TASK PROMPT:
Instruction for the entries below: return the part that opens with the line containing "100 % Leinen." and closes with the line containing "학생부 교과 전형은 학생부", exactly, and no pictures.

TASK INPUT:
[Start of section]
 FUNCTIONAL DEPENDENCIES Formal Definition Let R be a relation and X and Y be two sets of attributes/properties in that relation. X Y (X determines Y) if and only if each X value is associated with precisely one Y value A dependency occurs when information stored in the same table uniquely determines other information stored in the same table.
[End of section]
[Start of section]
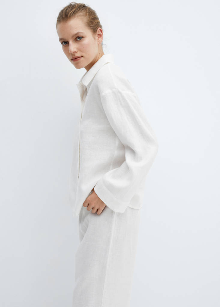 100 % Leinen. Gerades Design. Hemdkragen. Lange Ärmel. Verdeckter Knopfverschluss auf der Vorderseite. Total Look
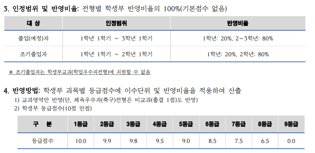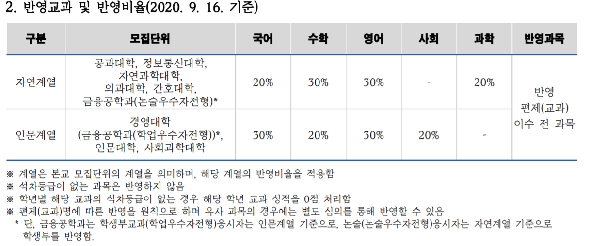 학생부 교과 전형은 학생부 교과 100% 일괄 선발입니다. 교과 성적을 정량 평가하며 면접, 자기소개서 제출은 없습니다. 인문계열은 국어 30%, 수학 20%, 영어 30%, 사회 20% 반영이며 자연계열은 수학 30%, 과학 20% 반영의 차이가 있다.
[End of section]
TASK RESPONSE:
 100 % Leinen. Gerades Design. Hemdkragen. Lange Ärmel. Verdeckter Knopfverschluss auf der Vorderseite. Total Look
 학생부 교과 전형은 학생부 교과 100% 일괄 선발입니다. 교과 성적을 정량 평가하며 면접, 자기소개서 제출은 없습니다. 인문계열은 국어 30%, 수학 20%, 영어 30%, 사회 20% 반영이며 자연계열은 수학 30%, 과학 20% 반영의 차이가 있다.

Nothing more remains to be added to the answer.